— Problem requirements —
All of the listing is to be written out word for word, with the pictures left out.

— Data excerpt —

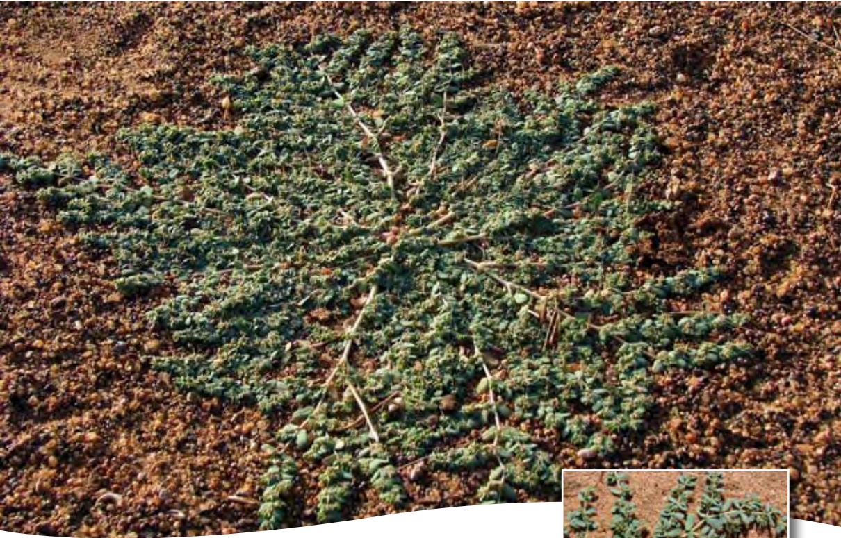
Euphorbia granulata Forssk. ■
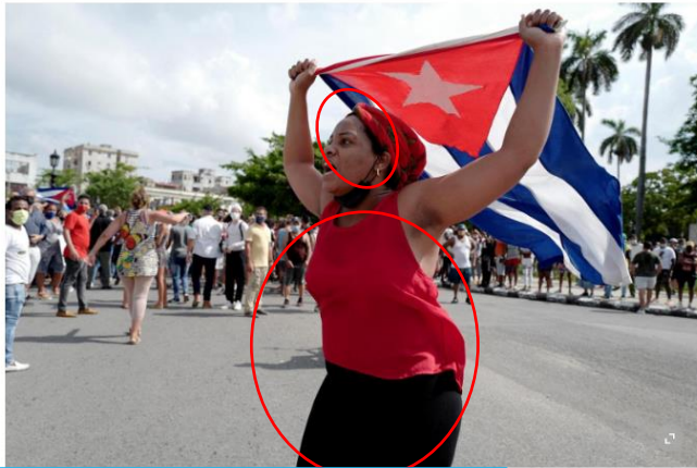
De nombreuses manifestations anti-gouvernement ont eu lieu le 11 juillet à Cuba.

Incluso, Naciones Unidas difundió en Twitter como imagen de las protestas a unos manifestantes que se movilizaban en sentido contrario. Uno de ellos lo denunció en las redes y la reacción de Twitter al entrar en su perfil fue insertar este mensaje: "Precaución: Esta cuenta está temporalmente restringida. Estás viendo esta advertencia porque se detectó actividad inusual en esta cuenta". La ONU terminó retirando el tuit.

— Solution below —
Euphorbia granulata Forssk. ■
De nombreuses manifestations anti-gouvernement ont eu lieu le 11 juillet à Cuba.

Incluso, Naciones Unidas difundió en Twitter como imagen de las protestas a unos manifestantes que se movilizaban en sentido contrario. Uno de ellos lo denunció en las redes y la reacción de Twitter al entrar en su perfil fue insertar este mensaje: "Precaución: Esta cuenta está temporalmente restringida. Estás viendo esta advertencia porque se detectó actividad inusual en esta cuenta". La ONU terminó retirando el tuit.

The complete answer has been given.